Tazza di cappuccino accanto a una finestra bagnata dalla pioggia

Che cosa significa fatigue? Come posso contrastarla?

Ci si sente continuamente stanchi o molto affaticati anche dopo minimi sforzi? La fatigue, termine medico per definire la condizione di affaticamento, è una conseguenza molto comune durante le malattie croniche come la sclerosi multipla. La neuroscienziata Dr. Gianna C. Riccitelli è un’esperta in materia e ha risposto ad alcune domande di Anne su come i pazienti possono imparare a gestire questa condizione rimettendosi di nuovo in forze.

Può spiegare brevemente che cos’è la fatigue?

La fatigue è un sintomo soggettivo e può essere considerata come una sensazione molto intensa di stanchezza, mancanza di energie o affaticamento percepita dalla persona, al limite della tristezza o debolezza. La fatigue condiziona i pazienti nelle attività quotidiane.

Perché la fatigue è così comune nei pazienti di SM?

Nonostante sia uno dei sintomi più ricorrenti legati alla sclerosi multipla, non si capisce come mai così tanti pazienti ne siano colpiti. Si ritiene che la fatigue sia il risultato di più fattori. Probabilmente non c’è un’unica causa che aumenta la probabilità di manifestare tale sintomo durante la SM.

Le cause possono dipendere direttamente o indirettamente dalla SM, perciò si distingue tra fatigue primaria e secondaria. La fatigue primaria è il risultato del danno al sistema nervoso centrale causato da infiammazione. La fatigue secondaria, invece, è più legata allo stato d’animo e alla presenza di altre malattie, disturbi o fattori che non sono necessariamente correlati in modo diretto alla sclerosi multipla, come ad esempio mancanza di energia, mancanza di sonno, sensibilità al calore, depressione o ansia, stress, alimentazione scorretta, mancanza di esercizio fisico, farmaci da assumere per curare altri sintomi o condizioni, così come infezioni o ricadute.

  • Anne Rüffer intervista la neuroscienziata Dr. Gianna Riccitelli sulla sclerosi multipla

    Dr. Gianna C. Riccitelli è una neuroscienziata e un’esperta di fatica

In che modo i pazienti di SM possono affrontare tale affaticamento?
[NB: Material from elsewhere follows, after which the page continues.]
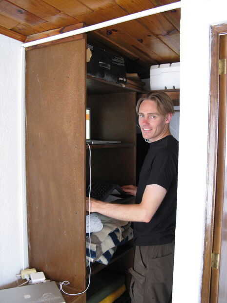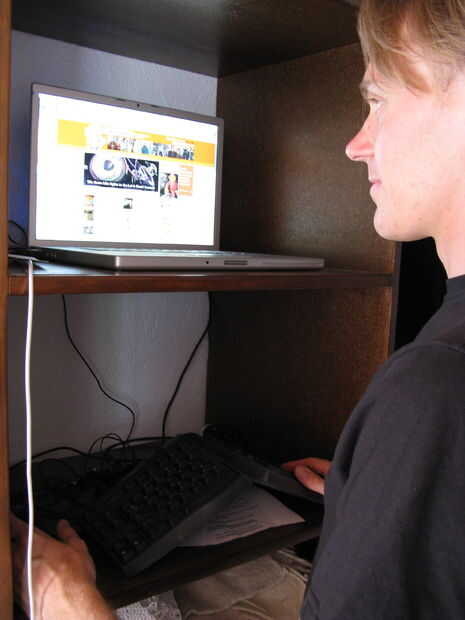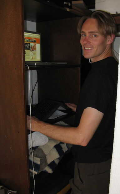 Trajo su teclado de dividido Goldtouch y a la izquierda y diestro ratones vertical, como se mencionó en el anterior tema de Instructables y foro. Aquí, él ha encontrado un conjunto de estantes que están aproximadamente a la altura correcta y poner el teclado y ratones debajo de la laptop, que es a nivel de la cabeza. Es un poco demasiado alto y los estantes no regulables, pero es un mundo de diferencia sobre el RSI y la espalda y el cuello dolor asociado con el trabajo en un ordenador portátil mientras que realmente en su regazo o sobre una mesa.
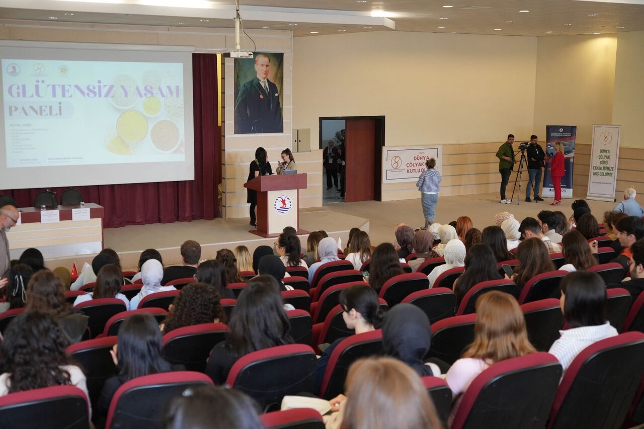 OMÜ Mühendislik Fakültesi Konferans Salonu'nda düzenlenen Glütensiz Yaşam Paneli'nde OMÜ Tıp Fakültesi Dahili Tıp Bilimleri Bölümü Dr. Öğretim Üyesi İbrahim Gören ‘Çölyak Tanı ve Tedavisi', Sağlık Bilimleri Fakültesi Beslenme ve Diyetetik Bölüm Başkanı Prof. Dr. Pınar Sökülmez Kaya ‘Çölyak ve Beslenme', Mühendislik Fakültesi Gıda Mühendisliği Bölümü Öğretim Üyesi Prof. Dr. Münir Anıl ‘Bilimsel Çalışmalar' konusunda sunumlar gerçekleştirdi. Glütensiz gıdaların da ikram edildiği panelde açıklamalarda bulunan Prof. Dr. Münir Anıl, çocukların da dikkatini çekecek cips, kek, baklaşekeri gibi ürünleri de glütensiz bir şekilde ürettiklerini söyledi.

La prima cosa da fare è sfruttare al meglio le proprie energie! È importante non solo mettere insieme le forze e investirle nel modo migliore, ma anche pianificare le attività e trovare il giusto equilibrio fra quelle che richiedono più o meno energie. Un consiglio per i pazienti è quello di stabilire le proprie priorità delegando, quando possibile, i vari compiti ad altre persone, facendo attenzione a preservare le proprie forze. Infine, per portare a termine le attività è bene concedersi spesso pause e momenti per recuperare le energie.

Quali difficoltà particolari comporta la fatigue nelle attività quotidiane e sul lavoro?

Per i pazienti di SM affetti da fatigue le attività quotidiane comportano uno sforzo molto più grande rispetto alle altre persone. Generalmente i sintomi di questa condizione rallentano le capacità cognitive e motorie e rendono necessario molto più tempo per portare a termine un’attività. In particolare, la fatigue incide sulla facoltà mnemonica, sull’attenzione, sulla capacità di concentrazione e sulla coordinazione motoria. I pazienti di SM che manifestano fatigue hanno spesso difficoltà nel formulare in modo chiaro i propri pensieri e nello svolgere le proprie attività in modo preciso. La fatigue inoltre riduce la motivazione necessaria per portare a termine i propri impegni. Una volta superati gli episodi di fatigue, tuttavia, le facoltà tornano al loro livello normale. In ogni caso, questa condizione ha creato gravi problemi nella vita quotidiana delle persone colpite, mettendo a dura prova la loro stabilità emotiva.

Di conseguenza, la domanda che ci si pone è la seguente: in che modo e perché i pazienti dovrebbero comunicare i sintomi della fatigue alle persone che li circondano? Il mio consiglio è quello di parlarne nel modo più aperto e diretto possibile, al fine di ottenere comprensione e il sostegno necessario.

Che esperienze ha avuto durante la cura di pazienti di SM colpiti da fatigue?

La fatigue non si può curare, ma ci sono tecniche per mitigarne gli effetti sulle attività quotidiane dei pazienti di SM. Oltre a terapie a base di farmaci specifici, per i pazienti di SM è richiesto:

  • training di potenziamento dell’attenzione, fra cui terapia cognitivo-comportamentale e gestione della fatigue;
  • allenamento di resistenza, esercizi di equilibrio e stretching, fra cui yoga. Si tratta di approcci terapeutici che alleviano tale sintomo e migliorano la qualità di vita dei pazienti.